I am trying out the qwraps2 package and some of its functions. In particular I am interested in the summary_table tool for output. I am using the iris data set for practice, but I noticed something strange when using group_by in the summary_table:
library(datasets)
data("iris")
options(qwraps2_markup = "markdown")
our_summary1 <-
list("Sepal Length" =
list("min" = ~ min(iris$Sepal.Length),
"max" = ~ max(iris$Sepal.Length),
"mean (sd)" = ~ qwraps2::mean_sd(iris$Sepal.Length)),
"Sepal Width" =
list("min" = ~ min(iris$Sepal.Width),
"median" = ~ median(iris$Sepal.Width),
"max" = ~ max(iris$Sepal.Width),
"mean (sd)" = ~ qwraps2::mean_sd(iris$Sepal.Width)),
"Petal Length" =
list("min" = ~ min(iris$Petal.Length),
"max" = ~ max(iris$Petal.Length),
"mean (sd)" = ~ qwraps2::mean_sd(iris$Sepal.Length)),
"Petal Width" =
list("min" = ~ min(iris$Petal.Width),
"max" = ~ max(iris$Petal.Width),
"mean (sd)" = ~ qwraps2::mean_sd(iris$Petal.Width)),
"Species" =
list("Setosa" = ~ qwraps2::n_perc0(iris$Species == "setosa"),
"Versicolor" = ~ qwraps2::n_perc0(iris$Species == "versicolor"),
"Virginica" = ~ qwraps2::n_perc0(iris$Species == "virginica"))
)
bytype <- qwraps2::summary_table(dplyr::group_by(iris,Species),our_summary1)
bytype
The output i get is: output from the above code
This doesnt make sense, it says that the statistics on different variables across different flower species are the same, which they are not. I cross checked this by doing:
aggregate(iris[1:4], list(iris$Species), mean)

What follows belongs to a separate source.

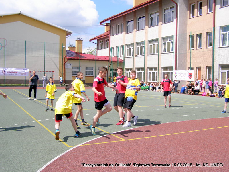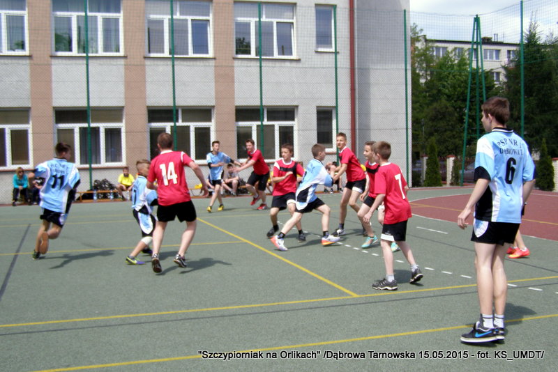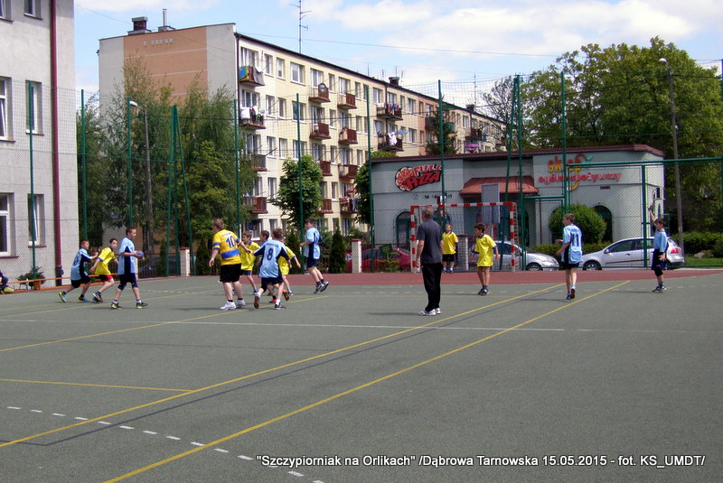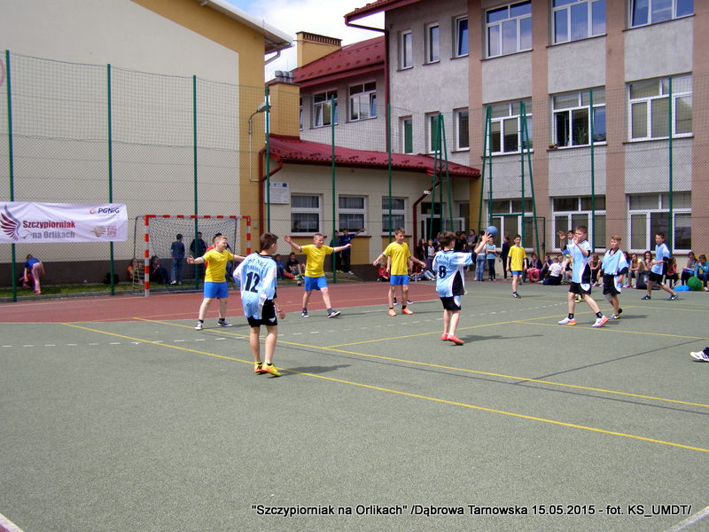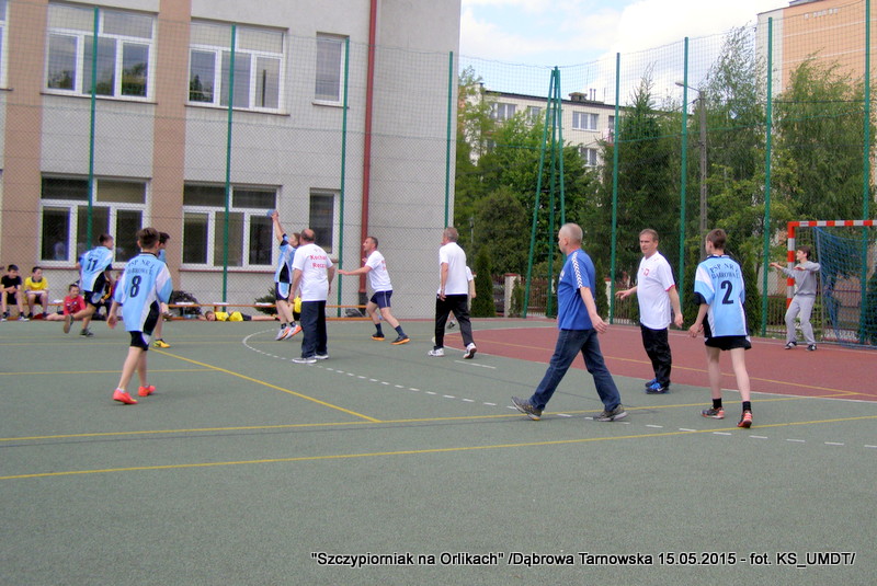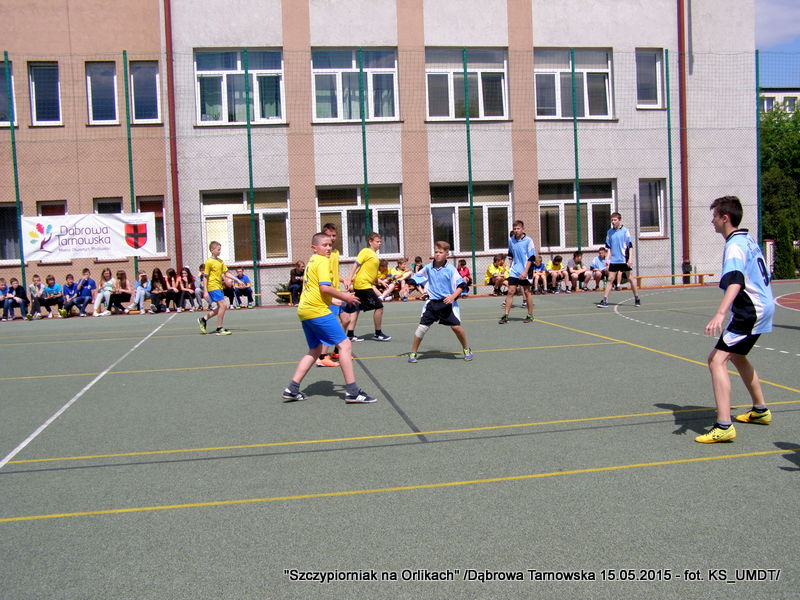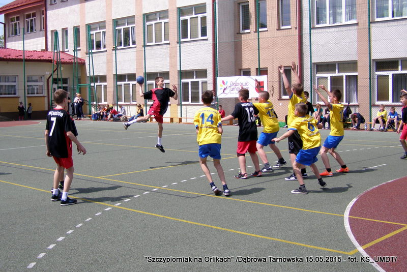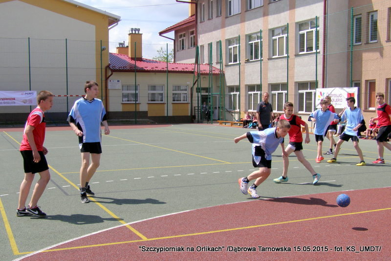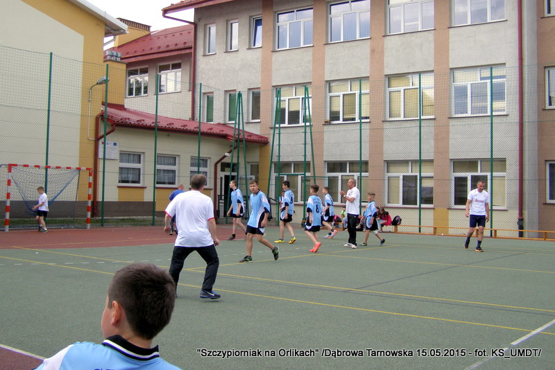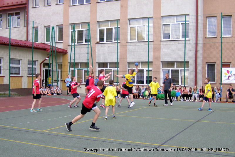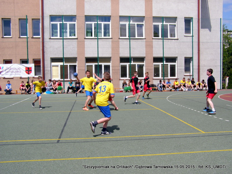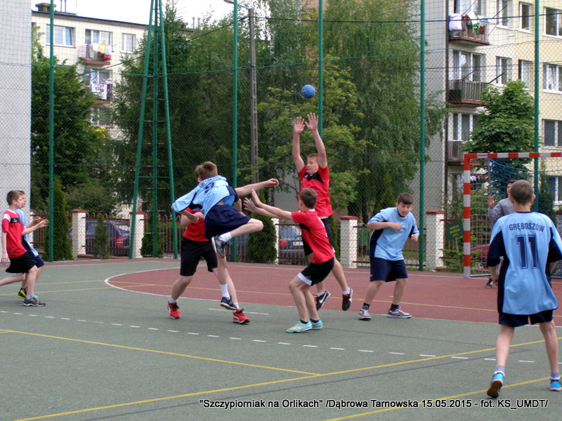 W piątek 15 maja 2015 roku na boisku sportowym przy Szkole Podstawowej Nr 2 w Dąbrowie Tarnowskiej przeprowadzone zostały eliminacje wojewódzkie do turnieju „Szczypiorniak na Orlikach 2015”. Ta sportowa impreza zorganizowana została po raz pierwszy w Dąbrowie Tarnowskiej. Kierownik Referatu Kultury Fizycznej i Sportu UM Witold Reczek serdecznie przywitał przybyłych zawodników oraz opiekunów, a także podziękował dyrekcji Szkoły Podstawowej Nr 2 za udostępnienie boiska poliuretanowego.  Chęć udziału w tym wydarzeniu potwierdziło sześć drużyn: SP Nr 1 Dąbrowa Tarnowska, SP Nr 2 Dąbrowa Tarnowska, SP Smęgorzów, SP Radgoszcz oraz dwie drużyny z Gręboszowa. Ekipy podzielone zostały na dwie grupy w których mecze rozegrane zostały w systemie „każdy z każdym” w czasie gry 2 x 8 minut.

which shows that for example the mean of the different variables varies across species.
Why is dplyr::group_by
not doing what it should?
i posted the output as best I could, sorry and thank you for the comprehension.
The reason the group_by
call does not appear to do anything is because the
data pronoun .data
is not being used in the summary definition. As
written, the summary table is constructed based on the whole iris
data set,
regardless of any grouping or subsetting. The .data
pronoun is needed so
that the the tidyverse
tools behind summary_table
use the correct
scoping.
library(datasets)
library(qwraps2)
library(dplyr)
#>
#> Attaching package: 'dplyr'
#> The following objects are masked from 'package:stats':
#>
#> filter, lag
#> The following objects are masked from 'package:base':
#>
#> intersect, setdiff, setequal, union
data("iris")
options(qwraps2_markup = "markdown")
our_summary1 <-
list("Sepal Length" =
list("min" = ~ min(.data$Sepal.Length),
"max" = ~ max(.data$Sepal.Length),
"mean (sd)" = ~ qwraps2::mean_sd(.data$Sepal.Length)),
"Sepal Width" =
list("min" = ~ min(.data$Sepal.Width),
"median" = ~ median(.data$Sepal.Width),
"max" = ~ max(.data$Sepal.Width),
"mean (sd)" = ~ qwraps2::mean_sd(.data$Sepal.Width)),
"Petal Length" =
list("min" = ~ min(.data$Petal.Length),
"max" = ~ max(.data$Petal.Length),
"mean (sd)" = ~ qwraps2::mean_sd(.data$Sepal.Length)),
"Petal Width" =
list("min" = ~ min(.data$Petal.Width),
"max" = ~ max(.data$Petal.Width),
"mean (sd)" = ~ qwraps2::mean_sd(.data$Petal.Width)),
"Species" =
list("Setosa" = ~ qwraps2::n_perc0(.data$Species == "setosa"),
"Versicolor" = ~ qwraps2::n_perc0(.data$Species == "versicolor"),
"Virginica" = ~ qwraps2::n_perc0(.data$Species == "virginica"))
)
bytype <- qwraps2::summary_table(dplyr::group_by(iris,Species),our_summary1)
bytype
#>
#>
#> | |Species: setosa (N = 50) |Species: versicolor (N = 50) |Species: virginica (N = 50) |
#> |:-----------------------|:------------------------|:----------------------------|:---------------------------|
#> |**Sepal Length** | | | |
#> | min |4.3 |4.9 |4.9 |
#> | max |5.8 |7.0 |7.9 |
#> | mean (sd) |5.01 ± 0.35 |5.94 ± 0.52 |6.59 ± 0.64 |
#> |**Sepal Width** | | | |
#> | min |2.3 |2.0 |2.2 |
#> | median |3.4 |2.8 |3.0 |
#> | max |4.4 |3.4 |3.8 |
#> | mean (sd) |3.43 ± 0.38 |2.77 ± 0.31 |2.97 ± 0.32 |
#> |**Petal Length** | | | |
#> | min |1.0 |3.0 |4.5 |
#> | max |1.9 |5.1 |6.9 |
#> | mean (sd) |5.01 ± 0.35 |5.94 ± 0.52 |6.59 ± 0.64 |
#> |**Petal Width** | | | |
#> | min |0.1 |1.0 |1.4 |
#> | max |0.6 |1.8 |2.5 |
#> | mean (sd) |0.25 ± 0.11 |1.33 ± 0.20 |2.03 ± 0.27 |
#> |**Species** | | | |
#> | Setosa |50 (100) |0 (0) |0 (0) |
#> | Versicolor |0 (0) |50 (100) |0 (0) |
#> | Virginica |0 (0) |0 (0) |50 (100) |
Created on 2020-03-01 by the reprex package (v0.3.0)